Tu as pris ton temps, découvrant nos corps : les épaules, les pectoraux, les ventres, les cuisses musclées. Tu as saisi à pleines mains nos testicules, nous arrachant un râle de surprise, à ta grande satisfaction. Puis tu t’es accroupie, et as entrepris de nous sucer avec gourmandise. Tu passais de l’un à l’autre, savourant les différences de texture, dureté, taille, sentant palpiter le sang dans nos sexes tendus à l’extrême. De tes mains expertes, tu nous caressais en même temps, t’assurant que jamais l’un de nous se sentait délaissé.


Puis, lentement, je t’ai relevée, t’ai remise face à moi, et t’ai replacé les mains sur la barre. Je t’ai embrassée longuement, sentant mon goût sur ta langue, pendant que tu sentais le tien sur la mienne. J’ai soulevé tes cuisses, et ai placé tes pieds autour de ma taille, et lentement, très lentement, t’ai pénétrée jusqu’à la garde, accompagné de ton gémissement continu.

Les va-et-vient ont commencé au rythme de nos hanches, naturellement synchronisées. Nos sexes vibraient de plaisir, parfaitement emboîtés, se découvrant l’un l’autre, après une si longue attente. Avant que l’orgasme ne menace de monter, je me suis arrêté. Je t’ai embrassée à nouveau, le regard complice.
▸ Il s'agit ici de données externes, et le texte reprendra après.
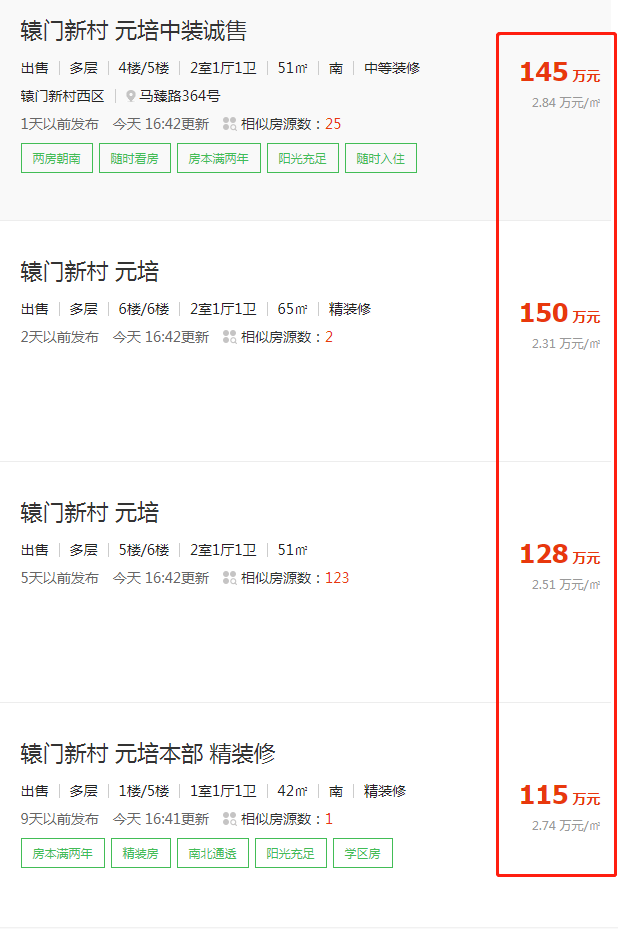 至于双元培。我们走访了附近几家中介门店,得知目前元培学区的二手房,均价在2.4万~2.7元/㎡。

C’est alors que tu as senti mon comparse, que tu avais presque oublié, se rapprocher de ton dos. Tes fesses, dans cette position, offertes totalement, n’attendaient plus que lui. Nous l’avons tous les deux senti s’introduire en toi. Doux, majestueux, impérieux. Rien ne nous avait préparés à ces sensations : toi remplie, écartelée, chaque nerf de ton être intérieur stimulé ; moi, empli de ta chaleur humide, serré au maximum par ton vagin, frotté par un autre membre dur.

Ton cerveau emmagasinait toutes les sensations, les comparait à ce que tu avais imaginé, espéré, désiré.

D’un bel ensemble nous nous sommes animés. Toi nous accompagnant de tes hanches et de tes cris, nous, limant avec gourmandise tes trous offerts, palpitants, vivants, qui nous aspiraient, nous rejetaient, nous engloutissaient à nouveau.

Ton corps n’était plus que sensations, brûlures nerveuses, décharges, soubresauts. Ton esprit plus que rage, abandon, inconscience, folie. Tes muscles plus que fatigue, crampe, douleur.

J’ai saisi tes lèvres, les ai mordues. Tu m’as rendu la pareille avant de les relâcher pour crier, un orgasme d’une force inouïe montant en toi inexorablement.


On se souviendra longtemps de ce triple orgasme, toi calée entre nos deux corps surchauffés, nous déversant en toi notre bonheur, les yeux clos de plaisir.